▶ RECORDS PROVIDED
━━━━━━
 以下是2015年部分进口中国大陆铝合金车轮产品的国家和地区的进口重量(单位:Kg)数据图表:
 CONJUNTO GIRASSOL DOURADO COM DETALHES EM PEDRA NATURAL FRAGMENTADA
━━━━━━
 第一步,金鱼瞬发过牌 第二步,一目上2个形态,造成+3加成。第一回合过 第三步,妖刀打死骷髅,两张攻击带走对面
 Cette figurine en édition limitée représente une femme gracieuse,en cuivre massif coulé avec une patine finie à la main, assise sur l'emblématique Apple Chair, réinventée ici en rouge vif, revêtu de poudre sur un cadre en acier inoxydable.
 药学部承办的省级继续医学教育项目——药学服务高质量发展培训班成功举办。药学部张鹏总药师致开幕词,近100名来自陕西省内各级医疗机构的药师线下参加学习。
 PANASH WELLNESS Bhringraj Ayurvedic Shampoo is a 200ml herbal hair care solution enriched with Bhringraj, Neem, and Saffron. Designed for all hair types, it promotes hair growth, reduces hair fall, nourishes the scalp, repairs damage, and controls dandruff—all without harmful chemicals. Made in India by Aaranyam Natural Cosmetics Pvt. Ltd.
━━━━━━
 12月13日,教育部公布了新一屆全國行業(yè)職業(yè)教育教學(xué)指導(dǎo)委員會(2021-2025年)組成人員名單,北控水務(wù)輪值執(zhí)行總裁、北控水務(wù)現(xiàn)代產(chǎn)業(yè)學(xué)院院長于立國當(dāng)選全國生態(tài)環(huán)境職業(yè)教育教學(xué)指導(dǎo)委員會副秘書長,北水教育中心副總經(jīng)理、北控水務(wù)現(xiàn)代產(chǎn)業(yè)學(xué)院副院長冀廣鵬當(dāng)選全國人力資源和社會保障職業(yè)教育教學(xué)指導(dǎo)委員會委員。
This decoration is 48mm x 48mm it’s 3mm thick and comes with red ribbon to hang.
━━━━━━
▶ TASK TO COMPLETE
Give the exact lines, and only those, from the line containing "以下是2015年部分进口中国" through the line containing "CONJUNTO GIRASSOL DOURADO" in the entries above.

▶ EXPECTED ANSWER
 以下是2015年部分进口中国大陆铝合金车轮产品的国家和地区的进口重量(单位:Kg)数据图表:
 CONJUNTO GIRASSOL DOURADO COM DETALHES EM PEDRA NATURAL FRAGMENTADA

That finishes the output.